Whitham modulation equations for the regularized Boussinesq equation with cubic nonlinearity

TL;DR

This paper derives and analyzes Whitham modulation equations for the regularized Boussinesq equation with cubic nonlinearity, classifying solutions and examining stability properties.

Contribution

It introduces explicit periodic solutions, derives modulation equations via an averaged variational principle, and studies their hyperbolicity and stability.

Findings

Periodic solutions classified in terms of Jacobi elliptic functions.

Loss of hyperbolicity correlates with modulational instability.
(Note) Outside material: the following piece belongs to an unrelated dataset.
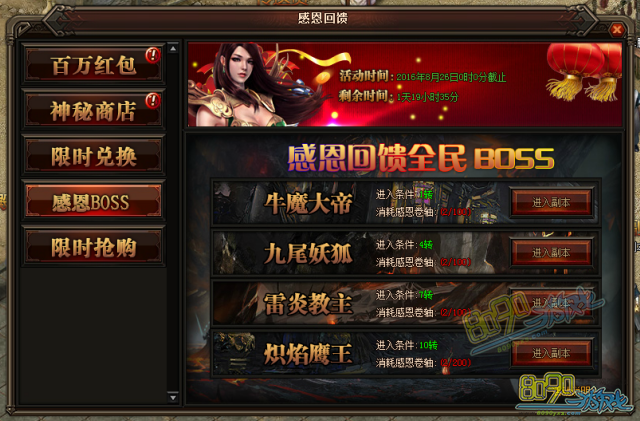 活动详情:活动期间玩家可在挂机地图里打小怪来获得感恩卷轴,例如祖玛寺庙、赤月峡谷、牛魔寺庙、魔龙城、狐月山谷、冰晶神殿、雷炎魔窟、苍月岛等都可以获得感恩卷轴,玩家获得感恩卷轴后可消耗相应卷轴进入副本,副本要求等级为1转、4转、7转、10转、想对应消耗的卷轴为100卷轴、100卷轴、100卷轴、200卷轴。BOSS会随机爆出2、4、6、8转装备不等。
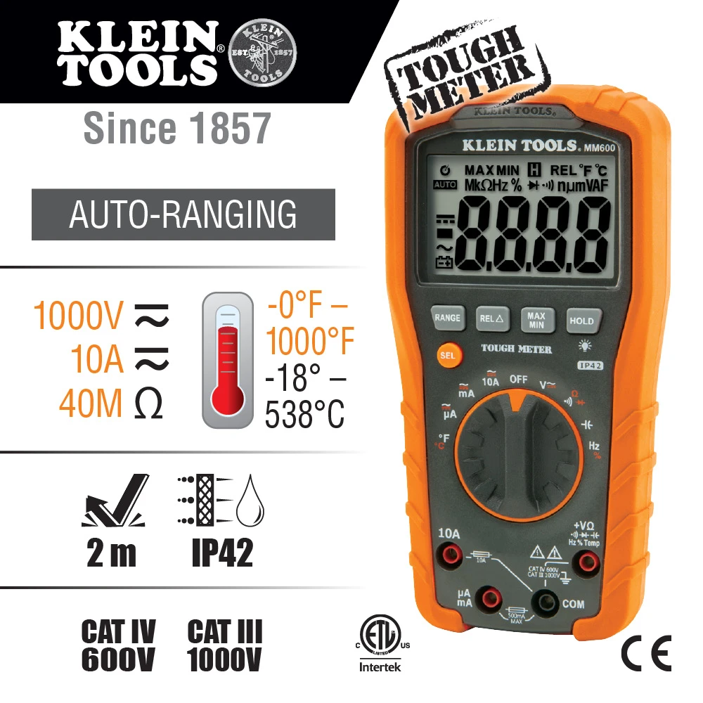 - The Klein Tools MM600 Multimeter is an automatically ranging digital multimeter that measures AC/DC voltage, AC/DC current, and resistance. It can also measure temperature, capacitance, frequency, duty-cycle, test diodes and continuity. Exclusively designed from the ground up by electricians for electricians. Years of field research, combined with extensive input from electricians across America, inspired the development of meters loaded with innovative, time-saving features

Numerical verification of instability onset and additional short-wave instabilities.

Abstract

A regularized Boussinesq equation is studied as a dispersive, long-wave (quasicontinuum) approximation of the Fermi-Pasta-Ulam lattice with a general cubic interaction force. Explicit periodic traveling wave solutions in terms of Jacobi elliptic functions are classified, and their solitary-wave, kink, and trigonometric limits are obtained. The Whitham modulation equations describing slow modulations of periodic traveling wave solutions are derived using an averaged variational principle. The convexity (strict hyperbolicity, genuine nonlinearity) of the resulting hydrodynamic-type equations is examined numerically in general and analytically in the solitary-wave and harmonic limits. In particular, the loss of hyperbolicity and the formation of complex conjugate characteristic speeds is shown to lead to modulational instability of periodic traveling waves. The onset of modulational instability is verified by numerical computations of linearized spectra for periodic traveling waves and initial value problems that also reveal additional short-wave instabilities.